= Beginning of Section =

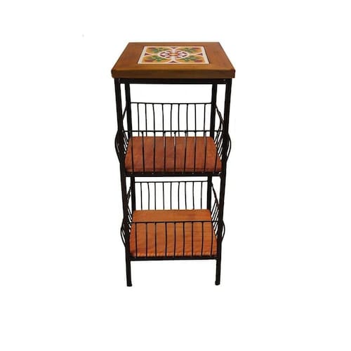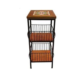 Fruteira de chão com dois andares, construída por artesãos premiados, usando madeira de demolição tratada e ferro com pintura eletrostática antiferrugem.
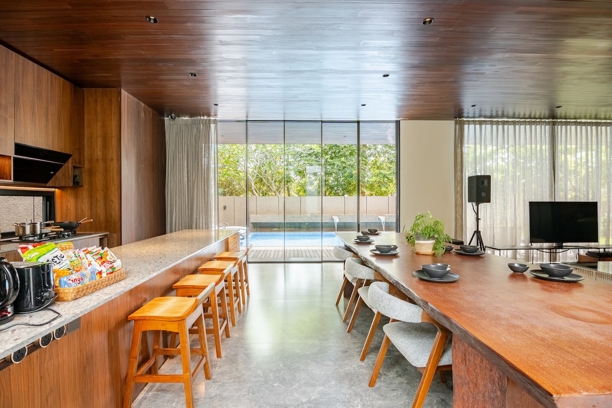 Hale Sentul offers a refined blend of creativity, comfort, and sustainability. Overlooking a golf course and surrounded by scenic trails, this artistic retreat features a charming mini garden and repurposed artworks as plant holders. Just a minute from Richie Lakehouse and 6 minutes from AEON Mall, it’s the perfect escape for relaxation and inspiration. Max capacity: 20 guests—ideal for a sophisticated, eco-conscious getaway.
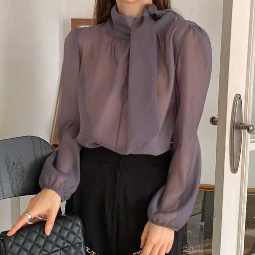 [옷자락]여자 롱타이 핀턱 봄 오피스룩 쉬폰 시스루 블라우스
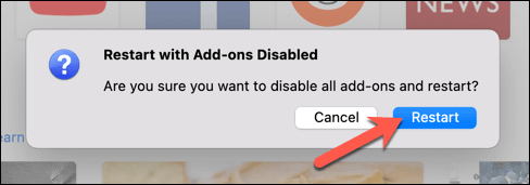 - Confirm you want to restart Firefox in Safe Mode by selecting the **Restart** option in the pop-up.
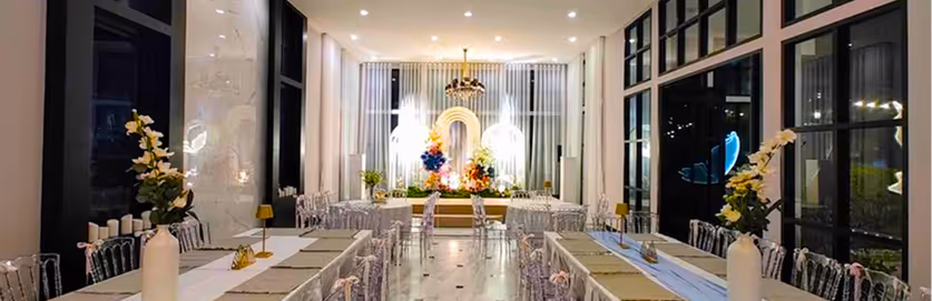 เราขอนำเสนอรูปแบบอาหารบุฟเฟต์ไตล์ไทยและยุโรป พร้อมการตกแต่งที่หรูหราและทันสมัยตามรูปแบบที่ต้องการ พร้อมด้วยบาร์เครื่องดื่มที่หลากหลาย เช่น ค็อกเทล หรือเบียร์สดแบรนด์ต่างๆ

= End of Section =

→ **What is expected**
Take the records above from their first line through the line with "- Confirm you" and set those lines down word for word, minus the pictures.

→ **Output of the task**
 Fruteira de chão com dois andares, construída por artesãos premiados, usando madeira de demolição tratada e ferro com pintura eletrostática antiferrugem.
 Hale Sentul offers a refined blend of creativity, comfort, and sustainability. Overlooking a golf course and surrounded by scenic trails, this artistic retreat features a charming mini garden and repurposed artworks as plant holders. Just a minute from Richie Lakehouse and 6 minutes from AEON Mall, it’s the perfect escape for relaxation and inspiration. Max capacity: 20 guests—ideal for a sophisticated, eco-conscious getaway.
 [옷자락]여자 롱타이 핀턱 봄 오피스룩 쉬폰 시스루 블라우스
 - Confirm you want to restart Firefox in Safe Mode by selecting the **Restart** option in the pop-up.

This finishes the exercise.